I was explaining what might happen if we had a 2day deadline, speaking hypothetically, rather than explaining the existing 5day system. I agree that the system should be reviewed periodically, and the deadline probably reduced, but it's not my call and I don't have all the info.

Resends are always going to happen (tasks fail, as do GPU's, computers, routers).
Even if the deadline was 2 or 3 days, tasks would still fail/not be returned in time and have to be resent. The number of resends might actually rise if the deadline was changed. I don't have the figures so I can't work it out, but the team could do some stats to work out in advance if it would expedite the project overall, or hinder it. If they were really up for the challenge they could write a program to continuously analyze returns and self-regulate the deadline within boundaries, but I expect Boinc would backfire.

Dagorath
Send message
Joined: 16 Mar 11
Posts: 509
Credit: 179,005,236
RAC: 0
Level
Ile
Scientific publications
watwatwatwatwatwatwatwatwatwatwatwatwatwat
Message 21455 - Posted: 15 Jun 2011 | 0:26:40 UTC - in response to Message 21441.
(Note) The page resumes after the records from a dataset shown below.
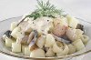Итак, нам потребуются: баночка консервированного лосося, одна картошина, одно яйцо, одно яблоко, майонез и маленькая луковица.
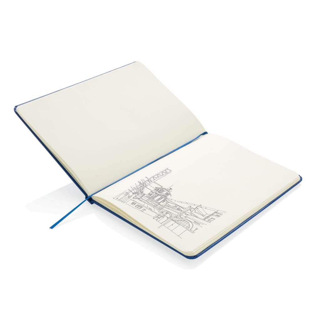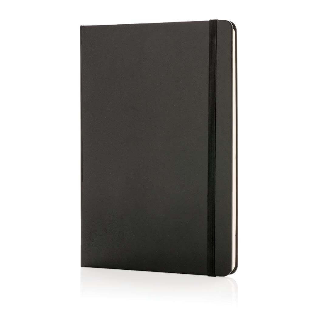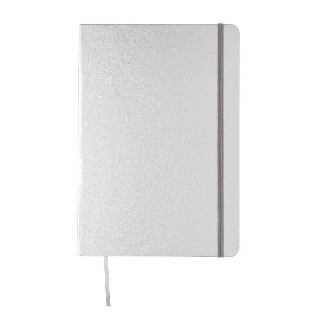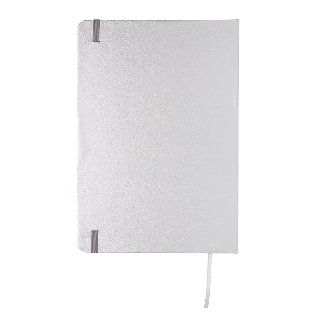 Základní poznámkový blok A5 s pevnými deskami, bez linek, s elastickým zavíráním a záložkou ze stuhy. 144 listů papíru s gramáží 70 g/m2. Krémové stránky. Ideální na kreslení, zápisky a poznámky. PMS color 1: Black PMS color 1: White
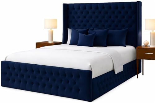 Attock Beds Plush Velvet Wing Panel Bed Frame with Optional Mattress & Ottoman Gas Lift Storage – Luxury Handmade Bed (Navy Blue Plush, Double 4ft6 with Gas Lift)
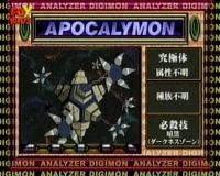 I am Apocalymon, a mutant digimon. My Darkness Zone attack transforms my enemy into nothingness. I have the power to turn everything I touch into total darkness. - Apocalymon.

I was explaining what might happen if we had a 2day deadline, speaking hypothetically, rather than explaining the existing 5day system. I agree that the system should be reviewed periodically, and the deadline probably reduced, but it's not my call and I don't have all the info.


I realize it's not your call but maybe the project admins can be persuaded through a discussion here.
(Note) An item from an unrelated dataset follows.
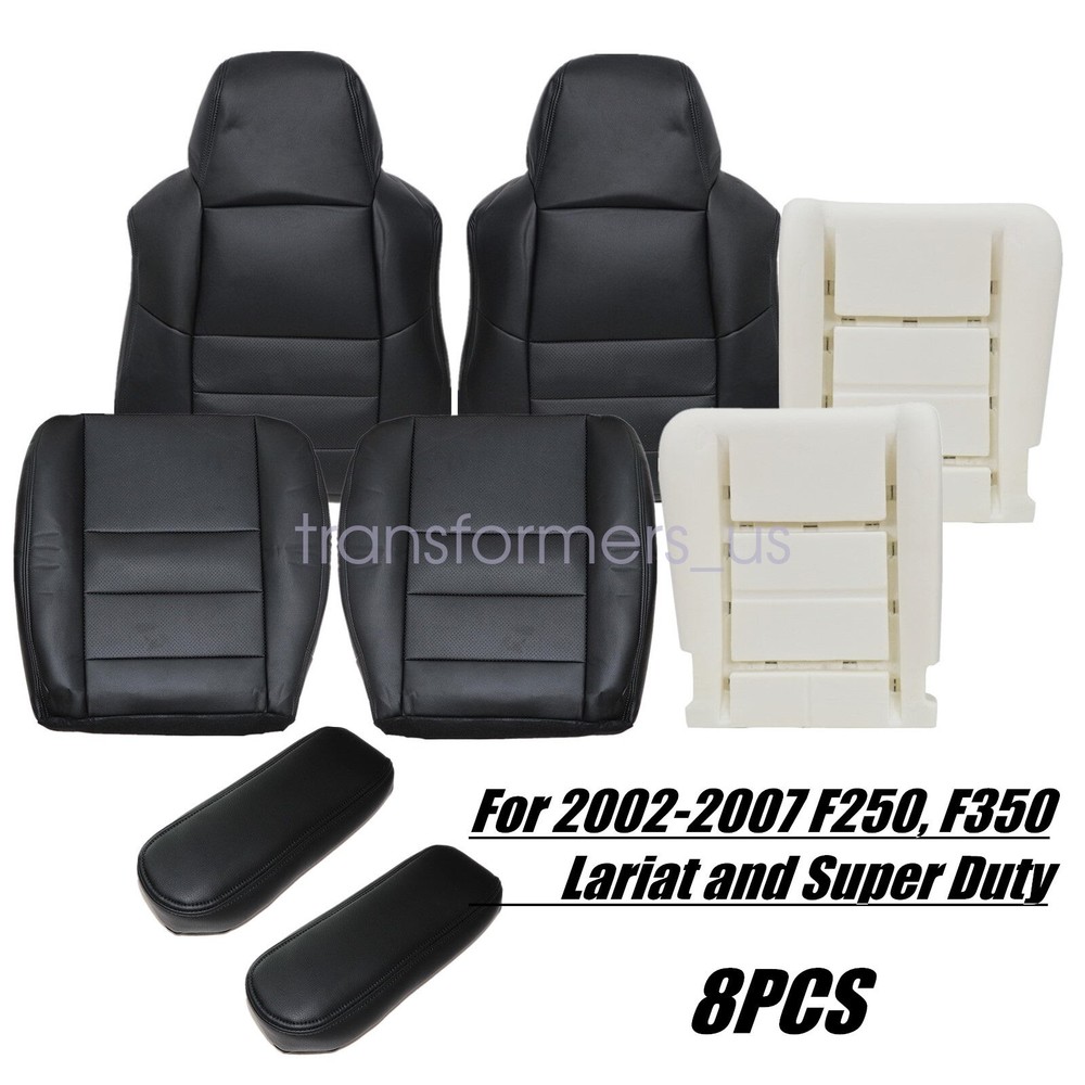 AC Seats Compatibility: Yes, Fits AC Seats Fitment Type: Direct Replacement Years Fitted: 2002 2003 2004 2005 2006 2007 Model Fitment: 2002 2003 2004 2005 2006 2007 F250, F350 Lariat and Super Duty How difficult is installation: We Provide professional install Video Compatible Brand: Ford Surface Finish: Leather Manufacturer Warranty: 5 Years OE Spec or Performance/Custom: OE Spec Seat Cover Design Type: Factory's OEM Replacement gtin13: Does not apply Type: Seat Cover Replacement Brand: Soillar Number of Pieces: 8 Seat Type: Bucket Seat Without Headrest, Full Set Compatible with: Manual & Powered Seats Does it fit Extended Cab?: No. It doesn't fit extended cab Placement on Vehicle: Front, Left, Right Custom Bundle: No Inner Liner: 1/2 & 1/4 Inch Padding like OEM Material: Microfiber Leather Package Include: 2x Bottom & Back Seat Cover & 2x Foam Cushion & 2x Armrest Cover Make & Model: Ford F250, F350 Lariat and Super Duty Seat Type Compatibility: Heated & Non-Heated Seats Year: 2002 2003 2004 2005 2006 2007 Install it yourself and save money: Most of our customers do the installation at home Color: Black w/ Perforated insert - Factory Original Color Select Side: 8Pcs Front Seat Cover & Both Side Bottom Foam UPC: Does not apply Product Name: Driver Passenger Bottom Top Armrest Seat Cover Manufacturer Part Number: Does Not Apply Side: Driver / Passenger Side

Resends are always going to happen (tasks fail, as do GPU's, computers, routers).


Resends for the reasons you state will always be with us but that doesn't mean we should set a deadline of 5 days but resend if the result hasn't returned in 2 days.

Even if the deadline was 2 or 3 days, tasks would still fail/not be returned in time and have to be resent.


Indeed tasks would still fail but that's extraneous to discussion of the deadline. Tasks not returned in time is what we're focused on here.

The number of resends might actually rise if the deadline was changed.


No, the number would not rise, because the tasks are being resent now after 2 days anyway. How can reducing the real deadline to match the artificial deadline induce more late returns? There is no cause-effect relationship there that I can see.

If the real deadline (now 5 days) were reduced to match the artificial deadline (now 2 days) then volunteers who do not return tasks in 2 days would get some feedback that their results are not returning in time. They might notice that their RAC decreases or they might see many "Abandoned" or "No Reply" outcomes and zero credits awarded in their list of tasks on the website. They'll figure it out for themselves or they'll inquire in the forums as to what's going wrong. Ideally someone would create a sticky thread and put an item on the home page news warning folks of an upcoming reduction in real deadline a month or more in advance and advise users what to watch for and do.

Another mechanism would kick in too. BOINC would warn users that task XYZ is about to miss its deadline. That would get users asking questions too.

One way or another, volunteers who cannot return a task in 2 days would come to realize that they need to select only the short tasks in their preferences or perhaps move their resources to a different project. With the way things are now they just keep missing the 2 day artificial deadline over and over but get credits anyway and no feedback that they've missed the artificial deadline. They have no reason/motivation to change. Therefore, in the long run, reducing the real deadline from 5 days to match the artificial deadline of 2 days will actually reduce the number of resends. As I said, that won't happen immediately. It will happen as volunteers become aware of the change. If we leave things as they are then there is almost zero chance of ever reducing the number of resends.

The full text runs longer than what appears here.